TO DO:
Transcribe the lines below exactly. No image belongs in the transcription.

Stored dataset items:
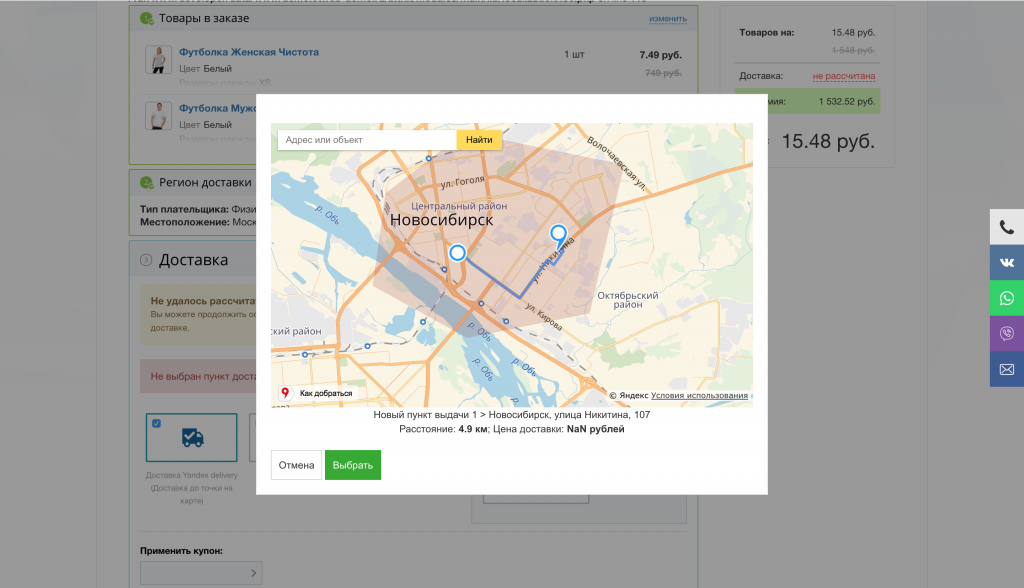 Модуль позволяет рассчитать стоимости доставки, на основе Яндекс.Карт, в зависимости от района(зоны) и удаленности от склада.
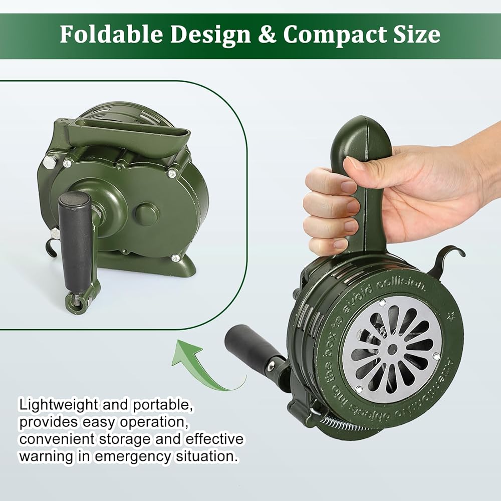 OWNMY اليد كرنك صفارة الإنذار القرن دليل تشغيل الهواء صفارة الإنذار المحمولة صفارة الإنذار تورنادو، صفارة الإنذار المعدنية القابلة للطي للأحداث الرياضية حفر النار صفارة الإنذار القرن المحمولة الطوارئ صفارة الإنذار بصوت عال إنذار
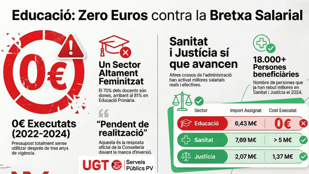 UGT Serveis Públics del País Valencià ha denunciat que la Conselleria d’Educació ha executat zero euros del programa contra la bretxa salarial malgrat ser un dels sectors més feminitzats. Amb motiu del dia europeu per la Igualtat Salarial que se celebra este diumenge, 22 de febrer, el sindicat critica que, mentres Sanitat, Justícia i altres sectors de la Generalitat, sí han vist millores retributives amb càrrec al programa contra la bretxa salarial del període 2022 i 2024, el professorat valencià seguix sense rebre ni un sol euro d’este fons. Segons dades oficials sobre la distribució dels fons 2022 2024, dotat amb 19,5 milions, Educació, no ha repartit els 2,14 milions d’euros que tenia assignats durant els tres anys consecutius. De fet, este departament reconeix que este repartiment està “pendent de realització”.
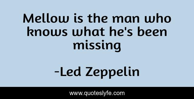 This page presents the quote "Mellow is the man who knows what he's been missing". Author of this quote is Led Zeppelin. This quote is about led-zepplin, music, rock,.
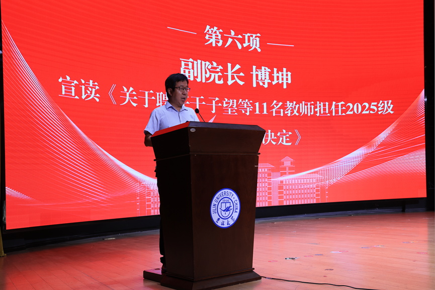 副经理曹品鲁、侯传彬,公司各系、所教师代表,本科教学办公室、员工工作办公室负责同志,全体2025级新生班主任,高年级员工代表等参加开学典礼。
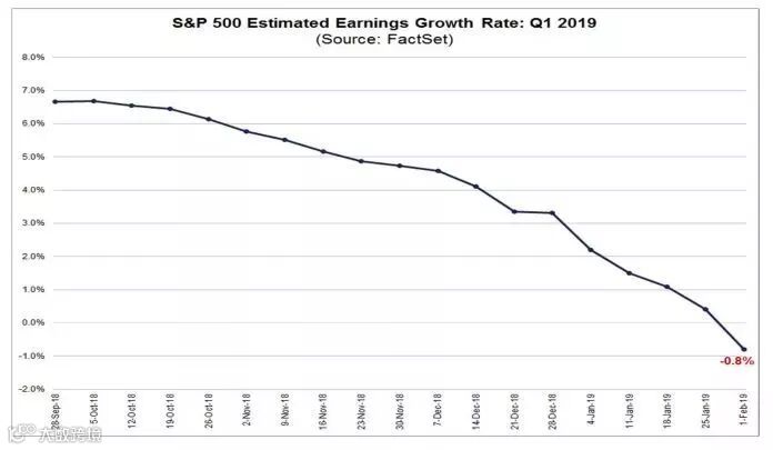 由于美国企业对未来的前景指引大幅下调,华尔街分析师下调了对2019年一季度的盈利预期。上述机构的统计显示,今年一季度的平均盈利增速为负0.8%,或成为2016年二季度以来(即近三年以来)首次录得单季盈利同比不增反降。
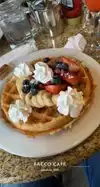 We were on our way to another restaurant for breakfast, but discovered the wait was rather long and there was no seating available. We walked not even a block away and sat down in Bacco Cafe. It was a wonderful, though pricey, meal! Each member of our group was really satisfied with their choice. The coffee mugs are HUGE ! This is a must!
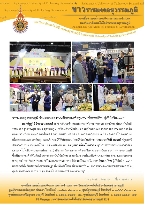 ร่วมแสดงผลงานนวัตกรรมเพื่อชุมชน “โอทอปไทย สู้ภัยโควิด-๑๙ ”

EXERCISE RESULT:
 Модуль позволяет рассчитать стоимости доставки, на основе Яндекс.Карт, в зависимости от района(зоны) и удаленности от склада.
 OWNMY اليد كرنك صفارة الإنذار القرن دليل تشغيل الهواء صفارة الإنذار المحمولة صفارة الإنذار تورنادو، صفارة الإنذار المعدنية القابلة للطي للأحداث الرياضية حفر النار صفارة الإنذار القرن المحمولة الطوارئ صفارة الإنذار بصوت عال إنذار
 UGT Serveis Públics del País Valencià ha denunciat que la Conselleria d’Educació ha executat zero euros del programa contra la bretxa salarial malgrat ser un dels sectors més feminitzats. Amb motiu del dia europeu per la Igualtat Salarial que se celebra este diumenge, 22 de febrer, el sindicat critica que, mentres Sanitat, Justícia i altres sectors de la Generalitat, sí han vist millores retributives amb càrrec al programa contra la bretxa salarial del període 2022 i 2024, el professorat valencià seguix sense rebre ni un sol euro d’este fons. Segons dades oficials sobre la distribució dels fons 2022 2024, dotat amb 19,5 milions, Educació, no ha repartit els 2,14 milions d’euros que tenia assignats durant els tres anys consecutius. De fet, este departament reconeix que este repartiment està “pendent de realització”.
 This page presents the quote "Mellow is the man who knows what he's been missing". Author of this quote is Led Zeppelin. This quote is about led-zepplin, music, rock,.
 副经理曹品鲁、侯传彬,公司各系、所教师代表,本科教学办公室、员工工作办公室负责同志,全体2025级新生班主任,高年级员工代表等参加开学典礼。
 由于美国企业对未来的前景指引大幅下调,华尔街分析师下调了对2019年一季度的盈利预期。上述机构的统计显示,今年一季度的平均盈利增速为负0.8%,或成为2016年二季度以来(即近三年以来)首次录得单季盈利同比不增反降。
 We were on our way to another restaurant for breakfast, but discovered the wait was rather long and there was no seating available. We walked not even a block away and sat down in Bacco Cafe. It was a wonderful, though pricey, meal! Each member of our group was really satisfied with their choice. The coffee mugs are HUGE ! This is a must!
 ร่วมแสดงผลงานนวัตกรรมเพื่อชุมชน “โอทอปไทย สู้ภัยโควิด-๑๙ ”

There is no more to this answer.